Sin embargo, aunque se conserva el derecho a recibir el pago por los días trabajados hasta ese momento, se pierde el derecho a la indemnización y al subsidio por desempleo al renunciar voluntariamente al trabajo.

Implicaciones y consecuencias de no presentar la baja voluntaria con previo aviso

Si bien es cierto que la opción de presentar una baja voluntaria es legítima para cualquier trabajador, no siempre es la más favorable. Esta decisión conlleva ciertas implicaciones y consecuencias al no cumplir con el preaviso requerido.

Descuento del finiquito

Cuando un trabajador no cumple con los días de preaviso requeridos, está sujeto a sufrir un descuento en el finiquito en relación al dinero que le corresponde.

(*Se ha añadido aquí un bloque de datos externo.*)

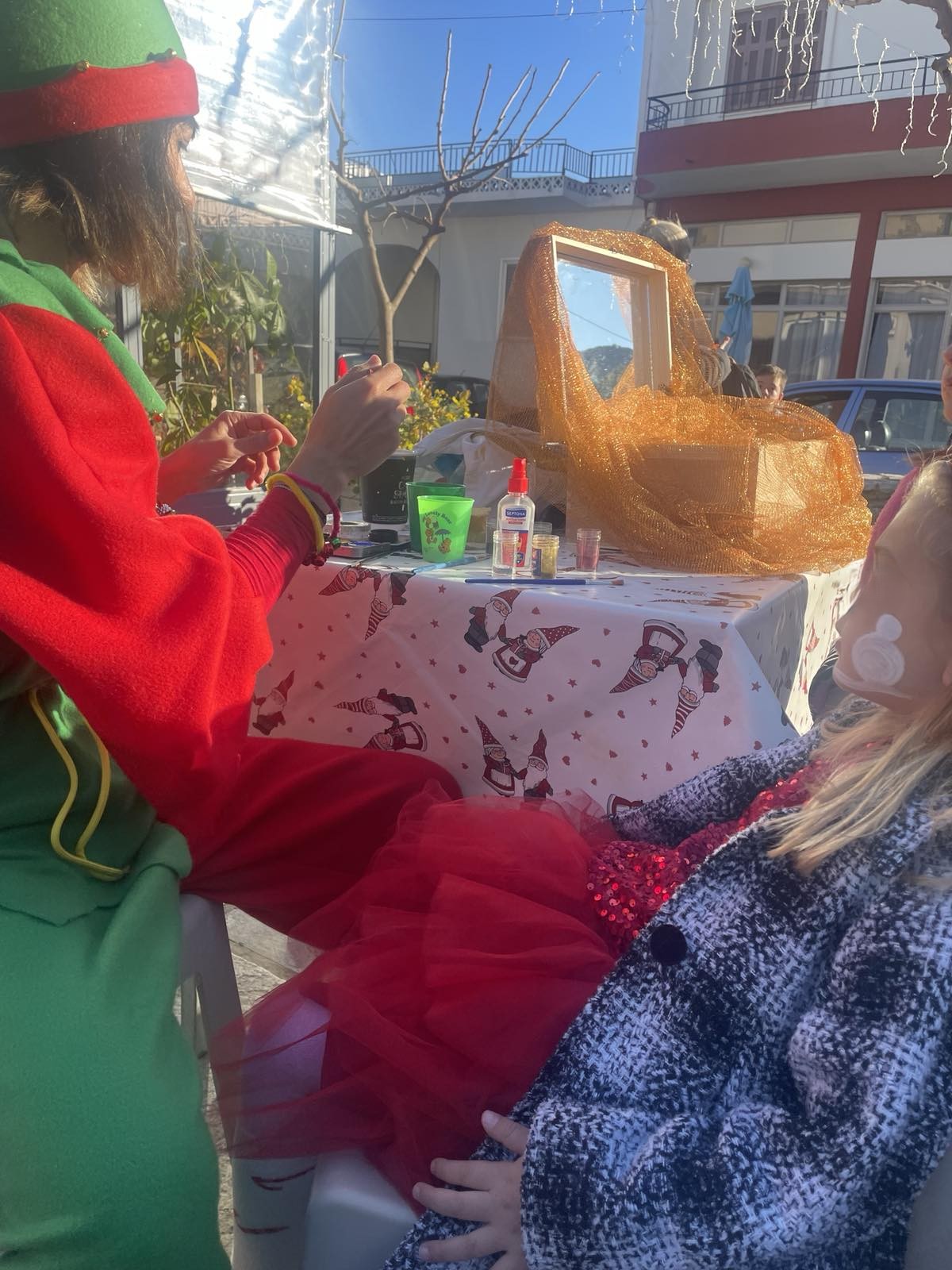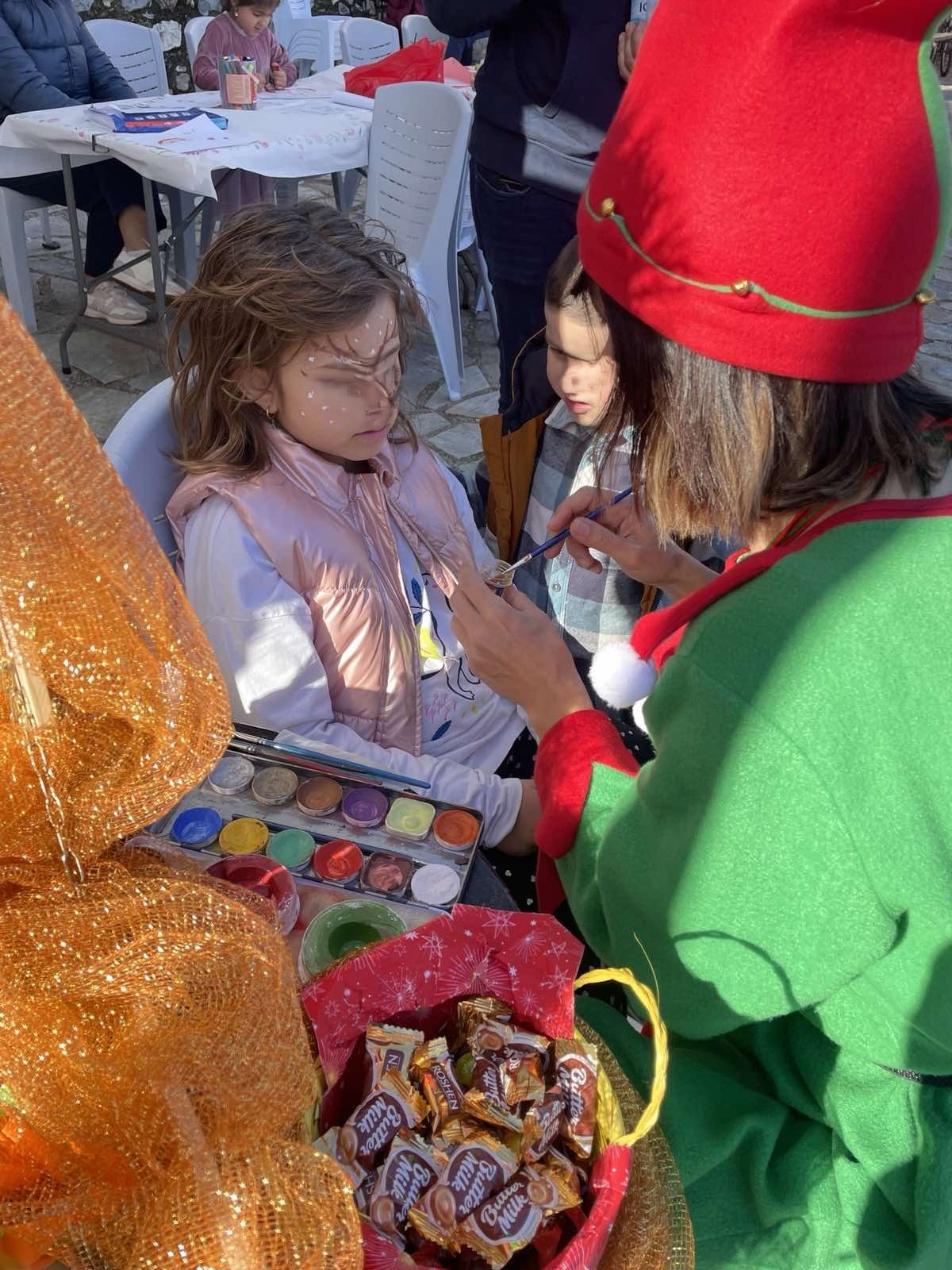 Στις 15:00 το μεσημέρι η Χριστουγεννιάτικη γιορτή που διοργανώθηκε στην Κοινότητα της Παλαιοπαναγιάς, παρουσία της Αντιδημάρχου Φάριδος, Διαμάντως Βαγιακάκου-Δογαντζή, απογείωσε το κέφι με μουσική, γλυκίσματα και δράσεις για τα μικρά παιδιά, όπως ζωγραφική προσώπου.

Cada día de este período de aviso se calcula y, por cada día incumplido, se descuentan dos días del dinero correspondiente al finiquito.

Imposibilidad de solicitar indemnización

Es importante tener en cuenta que después de presentar la baja voluntaria, el trabajador no puede solicitar indemnización. Sin importar las circunstancias que motivaron la renuncia voluntaria, el trabajador no puede solicitar indemnización debido a que no se encuentra en situación de desempleo.

¿Cuáles son las opciones alternativas a la baja voluntaria? Una opción más prudente que se puede considerar es solicitar una excedencia voluntaria. Con esta alternativa, no se rompe el vínculo con la empresa y se mantiene la posibilidad de regresar en el futuro en caso de no obtener una plaza externa.